TRADE WORKING GROUP NEWS Feruary 2014
- Working for the Few
Oxfam International has recently published a report “Working for the Few” about the overwhelming economic inequalities between rich and poor. A cause of this impoverishment of the population and economic inequality are the unfair trade relations between developed and developing countries, and especially between Africa and Europe. These economic differences are not only a matter between North and South, but also among people of the same country. The liberalization of the market between Africa and Europe is not the solution for sustainable economic growth and puts at risk human progress. The result is that the elites of the countries are controlling the democratic institutions and economic inequalities are increasing in the majority of countries in Africa.
- Meeting between the ESA and the EU under Interim EPA negotiation
On January 28th 2014 the European commission hosted the meeting of the EPA Committee under the Interim Economic Partnership Agreement between the Eastern and Southern Africa (ESA) region and the European Union. While the EU insist on the potential benefits on this agreements as means to foster development and economic growth, the African party showed the concern about the challenges they were facing in respect to exports to the EU market.

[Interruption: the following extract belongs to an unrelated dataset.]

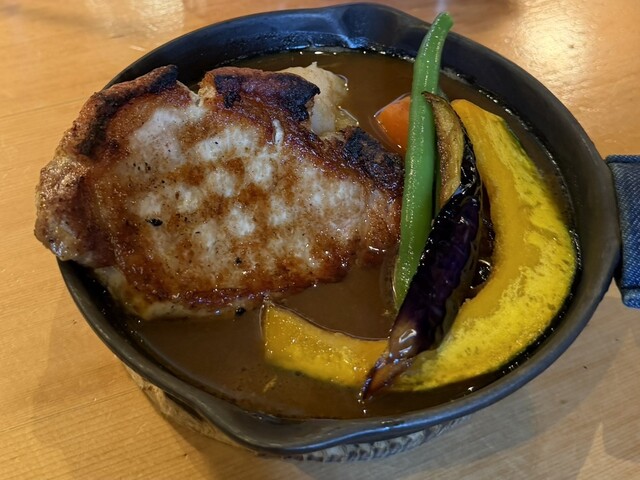 札幌のカレー百名店2022は全店食べたことがありますが、札幌発のスープカレーとは明らかに違うカレー。絶妙なスパイスのミックスが何とも言えない独特のコクを生み出してます。札幌スープカレーは、あまりガツンとしたスパイス感はなく、有名店も出汁をウリにしている感がありますが、アルペンジローは違います。スープなんだけど、スパイスがめちゃくちゃガツンと来ます。これが他では味わえない感覚なんです。私の語彙量ではこれ以上うまく説明できませんが、他では食べたことのない味で、明らかに札幌スープカレーではありません。
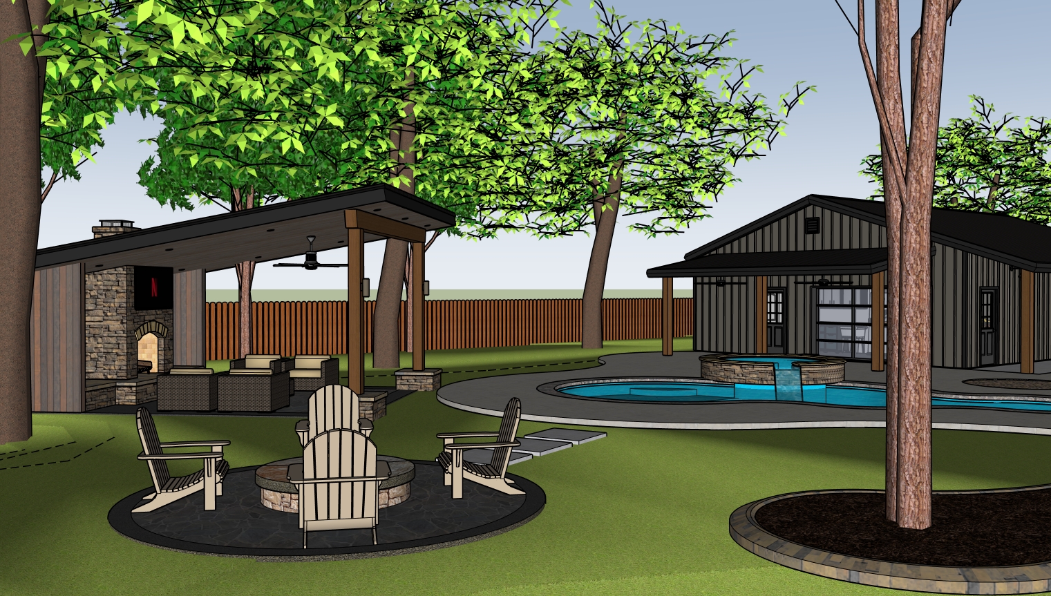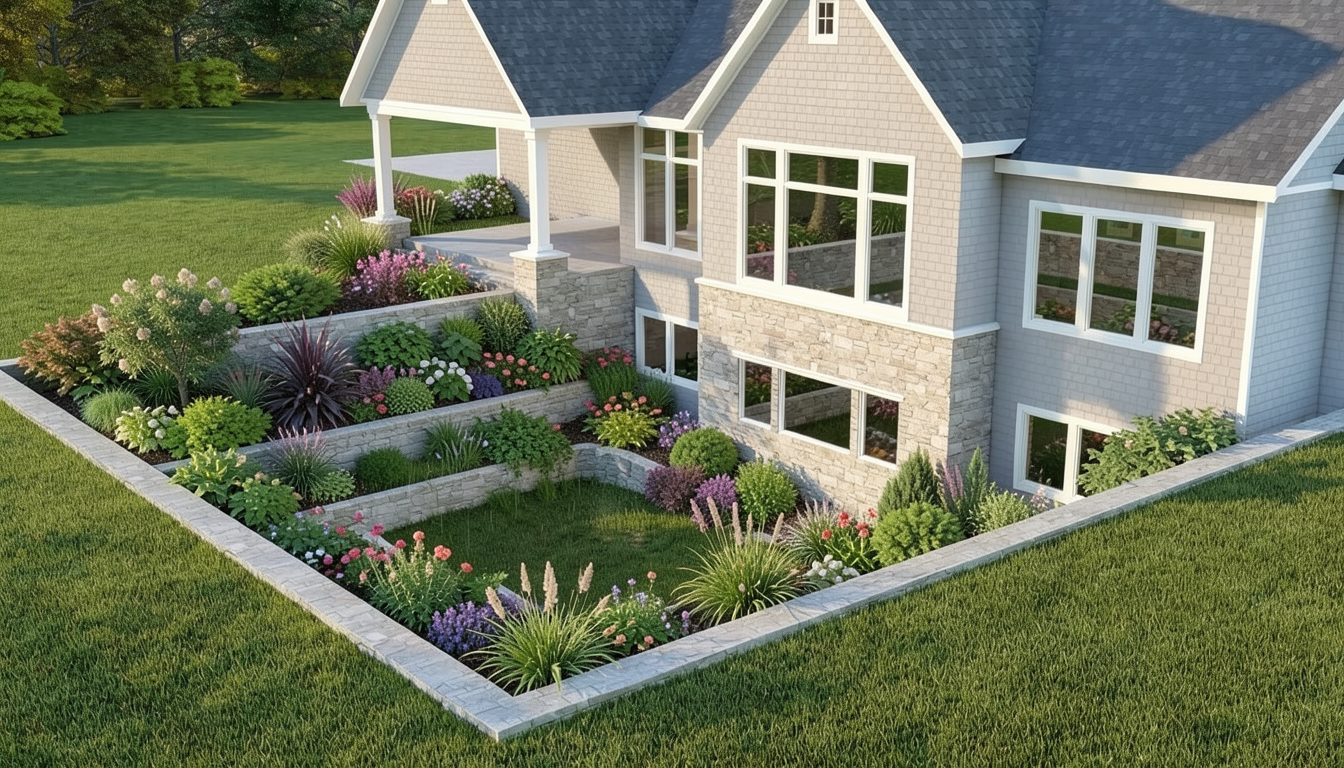 maintain geometry photo realistic with trees in background add shrubs to planting bed lower right add warm accent lighting

- ECOWAS, EU to resume negotiations on economic partnership agreement
The EU wants the West African region (ECOWAS) to open up 80 per cent of its market to resume negotiations towards Economic Partnership Agreement, EPA, for the creation of a free trade area in the region. The negotiations suspended in 2012, following divergences over market access offer and the EPA Development Programme (EPADP), resumed in Senegal, last January. The EPADP is a dedicated funding programme to enable West Africa cope with the cost of adjustment to the impending trade regime. West Africa had offered to open 70 per cent of its market over 25 years, citing the protection of the region’s fragile industrial base from cheaper goods from the EU. ECOWAS, was also asking for 15 billion Euros in new funds for the EPADP, while the EU insisted that the programme should be funded from existing bilateral and multilateral contributions.